Welcome Terry! Absolutely agree - there, but for the grace of (insert higher being of choice) go I. Would that we never forget this.

10:47 PM  
Blogger Tess Termulo said...

This is a moving post.

So far in my practice of medicine, I think the most difficult part is dealing with death and dying. When do we decide that we should all give up and just accept the inevitable and when do we put all aggressive measures, hoping that it will give the patient another chance? It is also difficult to deal with relatives of the dying patient because in one way or another, we know how they are feeling.

It has always been helpful to me to be constantly reminded that compassion in healing is a must, to not treat patients as mere cases, but to see them as human beings who feels things the way I do. Although medical training, somehow, hardens you to the more sad things that happen in life, it's important to remember that this should come hand in hand with being more sensitive to the other person's needs.

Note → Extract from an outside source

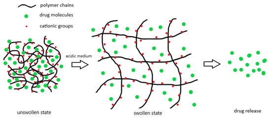 However, due to the abnormal glucose metabolism, the surrounding environment of the tumor is acidic [57,58]. Therefore, cationic polymers containing basic groups such as –NH2 prove more useful for the drug delivery in cancer treatment [54,56]. Once the pH is lower than the dissociation constant, pKa, these pendent groups will protonate as suggested by Henderson–Hasselbalch equation [59,60,61]. As a result, the positively charged polymer chains exhibit electrostatic repulsion against each other to stretch the polymeric network and allow more free space for water migration [61,62]. The basic strength of those side groups and polymeric molecules is definitely a crucial factor to consider the swelling behavior of the hydrogels in the acidic environment [59,60]. Owing to the presence of the charged ions in the network, osmotic pressure also facilitates the water to move into the hydrogel for swelling [61]. The swelling process finally equilibrates with the re-coiling force of the polymer chains, which is closely associated with the polymer elasticity and crosslinking densities [55]. Figure 2 briefly demonstrates the swelling process of a cationic polymer hydrogels in acidic environment.

---Prudence, http://tesstermulo.com

5:49 PM  
Blogger Mark said...

Thanks for your thoughts (I stumbled across your blog looking for images) and thought this post was indeed insightful. Uneventful days are truly a beautiful thing and I thank you for the reminder. Take care.

10:55 AM  
Blogger Aisling said...

Hi prudence - thanks for visiting. Dealing with death and dying is always hard. Absolutely agree that although constant exposure to morbidity and mortality can "harden" us, I think it should harden certain parts (like fear of patients with disease) but not others (compassion for patients and their loved ones. Hope you are doing well in your training!

Hi Mark,
Thanks for your comment. I'm constantly forgetting things like this - part of why I write about these things - I don't want to forget the feelings!